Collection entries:
BEGIN

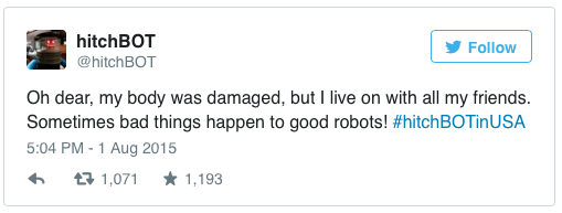 This is why we can’t have nice things. On Saturday, vandals in Philadelphia destroyed a hitchhiking robot from Canada named HitchBot, two weeks into its U.S. trip. Designed as a social experiment, HitchBot could talk to humans and upload photos to social media. If you found it, HitchBot would tell you where it wanted to go and ask for a ride. Worry not though, HitchBot may get a happy ending.
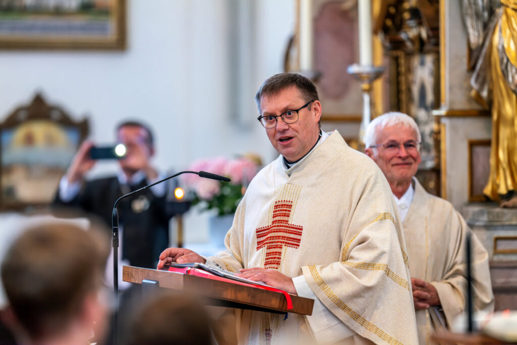 Schon in seiner Begrüßung machte Dr. Florian Herrmann deutlich, dass die Frühjahrswallfahrt für den Katholischen Männerverein weit mehr ist als ein fester Termin im Jahreslauf. Er hieß die Mitglieder des Vereins ebenso willkommen wie die vielen Freunde, Gäste und Teilnehmer, die nach Tuntenhausen gekommen waren. Besonders begrüßte er Ministerpräsident Dr. Markus Söder, dessen Kommen er als große Ehre für den Verein bezeichnete. Herrmann dankte zudem Abt Petrus Höhensteiger OSB für den festlichen Gottesdienst und die eindrucksvolle Predigt sowie allen, die zur musikalischen Gestaltung beigetragen hatten. Die Kirchenmusik und das anschließende Standkonzert gaben dem Tag einen festlichen Rahmen, der die Verwurzelung der Wallfahrt in Kirche, Vereinstradition und regionalem Leben sichtbar machte.
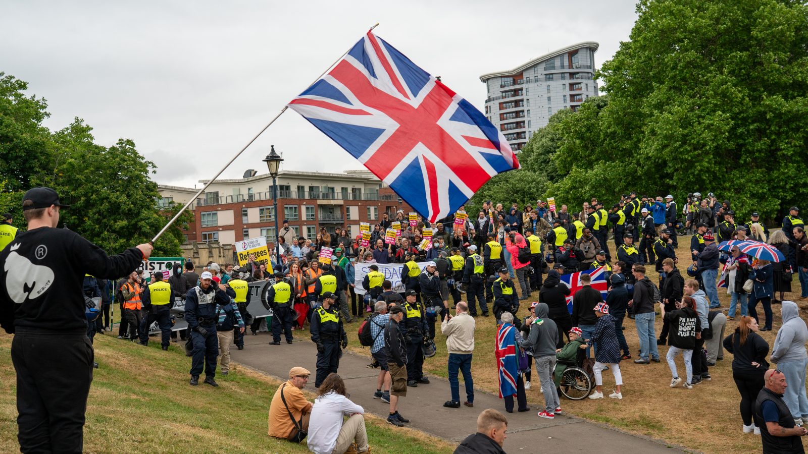 Police have put themselves in the middle of two opposing groups in Castle Park. Around 100 counter-protesters are facing off against dozens of people gathered for ‘the Great British National Strike’ who oppose illegal immigration, net zero and ‘two-tier justice’. pic.twitter.com/NDwcej6kYr
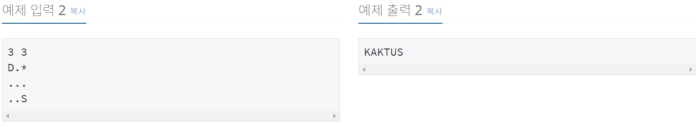 첫째 줄에 고슴도치가 비버의 굴로 이동할 수 있는 가장 빠른 시간을 출력한다. 만약, 안전하게 비버의 굴로 이동할 수 없다면, "KAKTUS"를 출력한다.
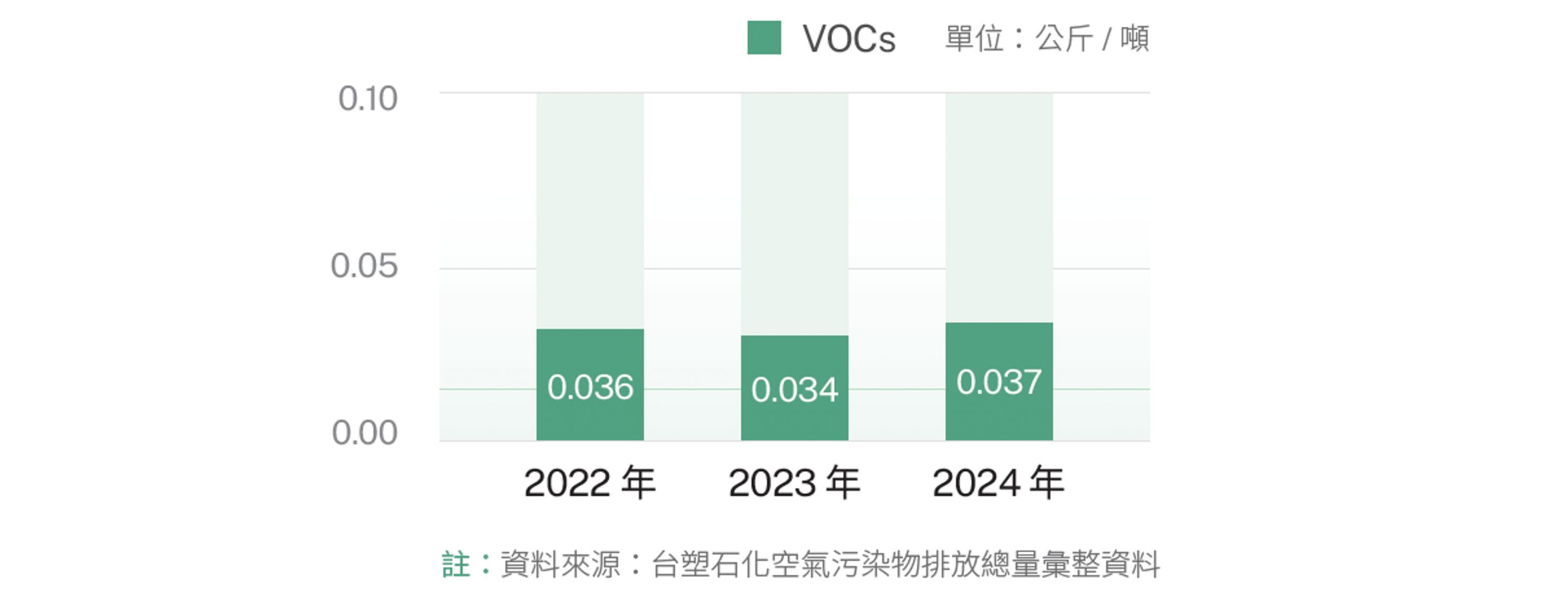 揮發性有機物主要來源為製程 ( 排放管道排放 )、儲槽逸散、裝載操作、廢水處理場與油水分離池逸散、廢氣燃燒塔及設備元件逸散等。2024 年總產能為 28,323 千噸,2024 年單位產品VOCs 排放量較前一年度微幅上升至0.037%,屬近三年合理波動範圍,未來將持續增設空污減排措施( 內浮頂儲槽油氣密閉收集至循環式流體化床鍋爐或油氣回收設施等 ),持續推動單位產品揮發性有機物排放減量。
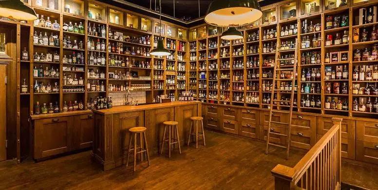 藏在地窖里的一個speakeasy風(fēng)格的酒吧,它的磚墻上籠罩著酒瓶和舊學(xué)校燈泡。這是由警察局改造的雞尾酒吧,看上去像是一個更高檔品種的藏酒閣。
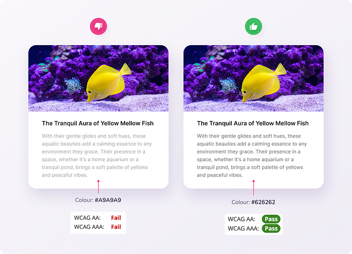 디자이너들은 미니멀리즘이나 미적 매력이라는 명목으로 밝은 회색 텍스트를 선택하기도 합니다. 세련되고 현대적으로 보일 수 있지만, 특히 시력이 좋지 않은 사용자에게는 읽기 어려울 수 있습니다.
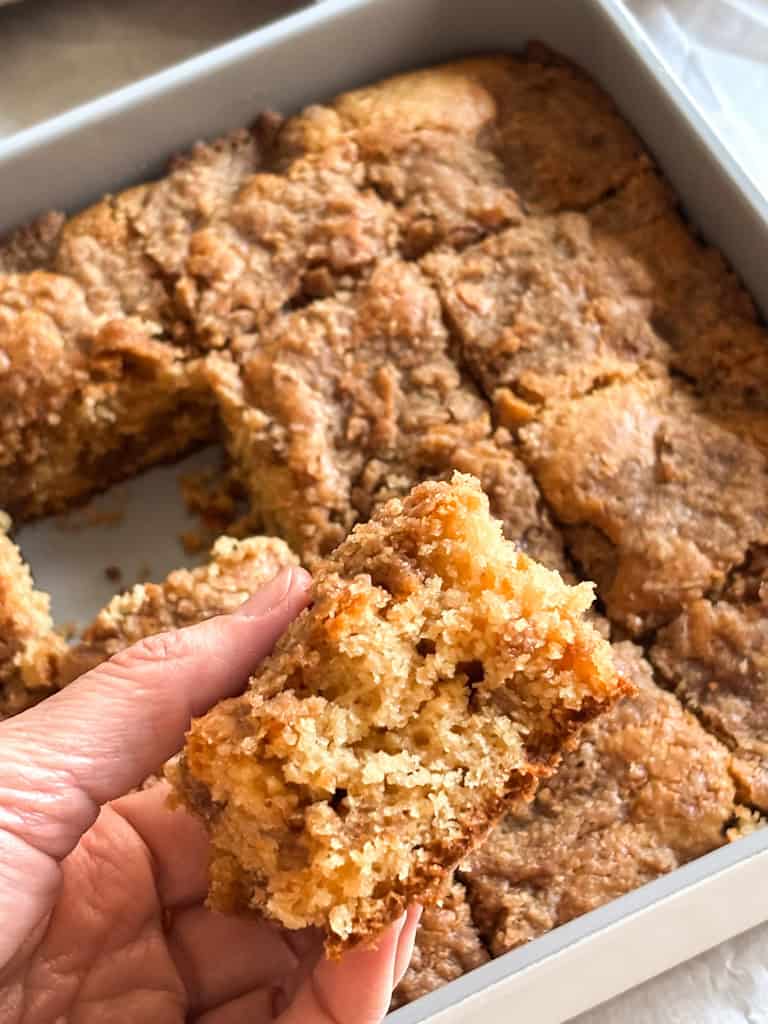 This layering gives you that ribbon of cinnamon goodness in the middle — the kind of bite where every bite melts into soft cake and sweet crumble—my kids’ favorite part!
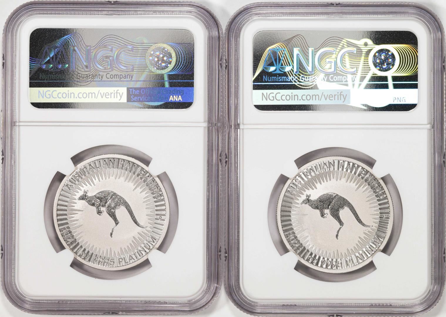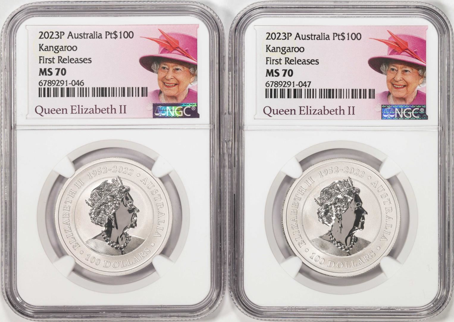 One Lot of (2) 2023P Australia $100 Kangaroo 1oz Platinum Coins NGC MS70 First Releases. NGC Certified.
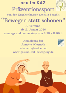 Diese acht zertifizierten Präventionsprogramme biete ich Ihnen mittwochs und freitags in Reinhausen an.
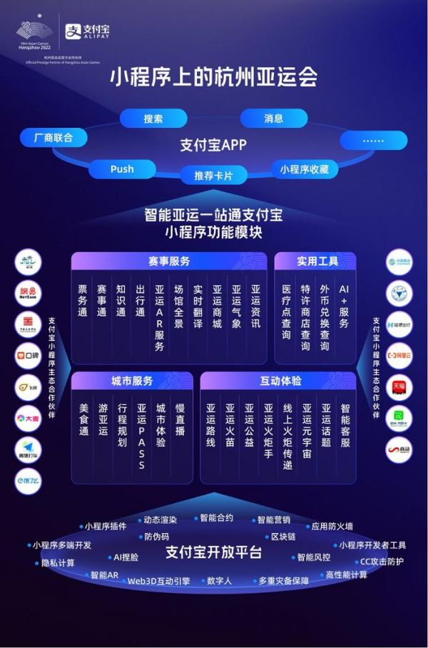 在开幕式外,支付宝也通过开放生态、技术助力杭州亚运会实现多个历史首创。支付宝开放20项平台数字技术,联合15家合作伙伴和2万多个服务商家,助力杭州亚组委推出了全球首个一站式数字观赛服务平台——智能亚运一站通。该小程序自上线以来,用户注册量已超过1亿人,访问量高达43亿,并成功入选首批国家级智能体育典型案例。
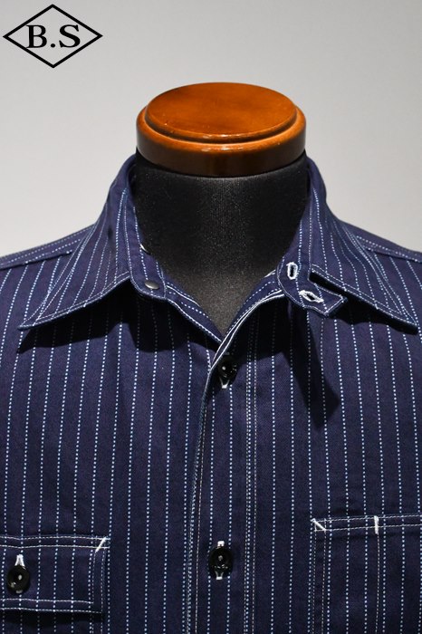 袖口の絞りはタックではなくギャザー始末で、ドレスシャツからワークシャツに移行する年代ならではの仕様。
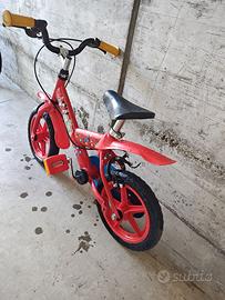 Bicicletta misura 12' adatta per i bambini che vogliono imparare a pedalare in tutta sicurezza grazie alle rotelline stabilizzatrici laterali incluse • Gomme in E.V.A • Freno anteriore e posteriore • Parafanghi

END

→ **DESCRIPTION OF THE TASK**: All that should appear in the response is the run of lines from the one with "This layering gives" through the final line of the records, restated exactly, with pictures omitted.

→ **ANSWER TO THE EXERCISE**:
 This layering gives you that ribbon of cinnamon goodness in the middle — the kind of bite where every bite melts into soft cake and sweet crumble—my kids’ favorite part!
 One Lot of (2) 2023P Australia $100 Kangaroo 1oz Platinum Coins NGC MS70 First Releases. NGC Certified.
 Diese acht zertifizierten Präventionsprogramme biete ich Ihnen mittwochs und freitags in Reinhausen an.
 在开幕式外,支付宝也通过开放生态、技术助力杭州亚运会实现多个历史首创。支付宝开放20项平台数字技术,联合15家合作伙伴和2万多个服务商家,助力杭州亚组委推出了全球首个一站式数字观赛服务平台——智能亚运一站通。该小程序自上线以来,用户注册量已超过1亿人,访问量高达43亿,并成功入选首批国家级智能体育典型案例。
 袖口の絞りはタックではなくギャザー始末で、ドレスシャツからワークシャツに移行する年代ならではの仕様。
 Bicicletta misura 12' adatta per i bambini che vogliono imparare a pedalare in tutta sicurezza grazie alle rotelline stabilizzatrici laterali incluse • Gomme in E.V.A • Freno anteriore e posteriore • Parafanghi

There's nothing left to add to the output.